Economy Small Hatchbacks
Hyundai Veloster: Redesigned in 2019 • MSRP $18,900-$33,750 • Rating 8.3 out of 10 • Combined MPG 22-30.
Sporty yet practical, the Veloster is just what a small hatchback should be. It’s smartly packaged, affordable, and provides something a little different from the norm. While there are a few minor concessions, the Veloster has a lot going for it overall.
Honda Civic: Redesigned in 2016 • MSRP $22,000-$43,995 • Rating 8.0 out of 10 • Combined MPG 25-34.
The Honda Civic is one of our favorite small cars, and the hatchback variant adds the virtue of increased cargo capacity. Standard turbocharged power, nimble handling and strong fuel economy are just a few of the Civic’s strengths.
MINI Clubman: Redesigned in 2017 • MSRP $29,900-$39,500 • Rating 7.7 out of 10 • Combined MPG 26-29.
A more family-friendly Mini, this little hatchback has usable interior space, a funky personality and — especially with one of the upgraded engines — no shortage of energy. But the Clubman still feels a bit restrained compared to other Mini products. It’s the grown-up of the bunch, you might say.
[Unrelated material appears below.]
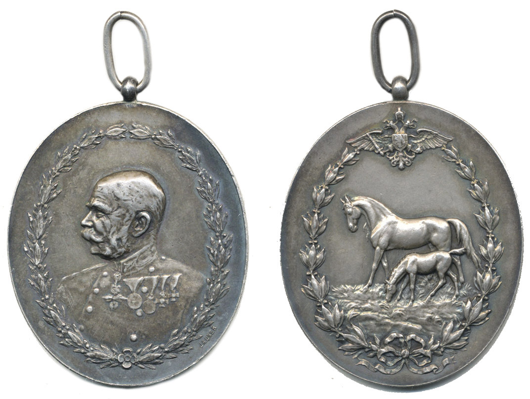 Státní cena za chov koní, poprsí F.J.I. ve věnci v uniformě, bez opisu / klisna s hříbětem ve věnci, bez opisu sign.: JAUNER Ag ovál 42x50 mm orig.ouško +závěs_bez stuhy

Mazda 3: Redesigned in 2019 • MSRP $22,650-$33,900 • Rating 7.7 out of 10 • Combined MPG 26-29.
If a fun-to-drive character and a classy interior rank high on your shopping list, then the Mazda 3 should be right at the top. It may come up short in a few categories on paper, but in the real world it’s more than capable and definitely worth a test drive.
Hyundai Elantra GT: Redesigned in 2018 • MSRP $20,650-$24,600 Rating 7.6 out of 10 Combined MPG 26-28.
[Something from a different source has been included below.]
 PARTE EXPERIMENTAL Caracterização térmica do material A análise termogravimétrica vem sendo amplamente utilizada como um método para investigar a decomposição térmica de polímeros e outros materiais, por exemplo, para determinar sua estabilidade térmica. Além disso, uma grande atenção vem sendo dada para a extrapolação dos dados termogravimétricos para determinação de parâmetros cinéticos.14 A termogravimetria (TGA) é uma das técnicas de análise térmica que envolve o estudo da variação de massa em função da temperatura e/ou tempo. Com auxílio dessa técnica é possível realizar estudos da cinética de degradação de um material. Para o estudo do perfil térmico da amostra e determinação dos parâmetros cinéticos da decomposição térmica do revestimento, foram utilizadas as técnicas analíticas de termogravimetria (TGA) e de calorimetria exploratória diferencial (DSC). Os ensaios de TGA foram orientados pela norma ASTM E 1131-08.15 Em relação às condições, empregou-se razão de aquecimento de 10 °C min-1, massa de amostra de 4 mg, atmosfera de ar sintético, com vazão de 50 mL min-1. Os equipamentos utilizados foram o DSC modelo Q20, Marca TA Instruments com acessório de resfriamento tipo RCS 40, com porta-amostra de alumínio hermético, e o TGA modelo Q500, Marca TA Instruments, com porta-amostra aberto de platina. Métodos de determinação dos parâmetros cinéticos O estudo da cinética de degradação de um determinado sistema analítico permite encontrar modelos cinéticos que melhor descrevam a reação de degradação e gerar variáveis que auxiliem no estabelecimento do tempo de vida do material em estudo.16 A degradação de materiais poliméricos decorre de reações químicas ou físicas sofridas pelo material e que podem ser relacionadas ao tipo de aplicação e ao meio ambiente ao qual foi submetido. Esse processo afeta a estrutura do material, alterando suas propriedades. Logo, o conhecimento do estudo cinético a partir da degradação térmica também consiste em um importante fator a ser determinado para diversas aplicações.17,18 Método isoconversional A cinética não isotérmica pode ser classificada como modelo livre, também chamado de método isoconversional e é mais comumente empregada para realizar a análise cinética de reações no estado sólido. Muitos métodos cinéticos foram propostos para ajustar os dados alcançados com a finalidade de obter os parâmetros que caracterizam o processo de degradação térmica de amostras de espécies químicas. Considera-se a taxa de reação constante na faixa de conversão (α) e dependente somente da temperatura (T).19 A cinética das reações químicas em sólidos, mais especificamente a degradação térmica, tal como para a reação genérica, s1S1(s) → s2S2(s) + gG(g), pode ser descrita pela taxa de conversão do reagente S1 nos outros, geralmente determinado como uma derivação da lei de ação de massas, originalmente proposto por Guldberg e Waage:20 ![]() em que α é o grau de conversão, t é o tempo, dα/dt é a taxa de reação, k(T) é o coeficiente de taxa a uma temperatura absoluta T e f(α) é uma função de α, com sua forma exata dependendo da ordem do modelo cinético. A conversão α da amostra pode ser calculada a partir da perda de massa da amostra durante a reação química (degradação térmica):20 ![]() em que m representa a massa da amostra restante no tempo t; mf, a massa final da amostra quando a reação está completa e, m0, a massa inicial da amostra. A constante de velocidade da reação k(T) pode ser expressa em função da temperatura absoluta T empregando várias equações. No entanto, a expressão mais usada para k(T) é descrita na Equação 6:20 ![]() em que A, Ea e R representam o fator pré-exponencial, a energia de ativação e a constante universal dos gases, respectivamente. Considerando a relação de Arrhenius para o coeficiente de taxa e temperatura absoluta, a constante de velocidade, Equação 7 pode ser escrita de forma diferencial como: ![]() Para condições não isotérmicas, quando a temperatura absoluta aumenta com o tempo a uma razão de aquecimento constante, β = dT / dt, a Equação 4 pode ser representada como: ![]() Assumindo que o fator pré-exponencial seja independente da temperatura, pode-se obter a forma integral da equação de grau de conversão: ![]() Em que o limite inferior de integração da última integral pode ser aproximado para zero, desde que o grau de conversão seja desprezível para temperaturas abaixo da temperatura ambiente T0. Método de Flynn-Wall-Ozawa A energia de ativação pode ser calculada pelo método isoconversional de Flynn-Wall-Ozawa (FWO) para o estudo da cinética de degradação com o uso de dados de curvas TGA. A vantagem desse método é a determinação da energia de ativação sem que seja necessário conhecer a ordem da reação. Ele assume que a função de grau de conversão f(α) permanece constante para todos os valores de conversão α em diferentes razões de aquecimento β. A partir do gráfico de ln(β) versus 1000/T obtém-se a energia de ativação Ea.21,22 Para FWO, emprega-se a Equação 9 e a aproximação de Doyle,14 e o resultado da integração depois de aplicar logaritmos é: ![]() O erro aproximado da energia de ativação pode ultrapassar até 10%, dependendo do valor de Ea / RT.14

The Elantra GT isn’t just an Elantra with a hatchback body: it has a distinct interior, a more powerful base engine and sharper handling. The E-GT is an affordable, practical little car that provides some lightweight fun when you want it.
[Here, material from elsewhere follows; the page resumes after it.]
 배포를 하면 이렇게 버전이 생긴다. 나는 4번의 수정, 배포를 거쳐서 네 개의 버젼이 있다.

Volkswagen Golf: Redesigned in 2015 • MSRP $23,195 – $23,995 Rating 7.4 out of 10 Combined MPG 32-33.
The Volkswagen Golf’s fun-to-drive character and no-nonsense approach burnish its appeal. On the other hand, some competitors now offer more safety technology, along with competitive performance and better interior quality.
Toyota Corolla Hatchback: Redesigned in 2019 • MSRP $20,465-$24,515 • Rating 7.4 out of 10 • Combined MPG 31-35.
The Corolla hatchback is comfortable and stylish. It’s also surprisingly engaging to drive, especially when equipped with the six-speed manual transmission. Only a lack of cargo space and a sub-optimal infotainment system hold it back.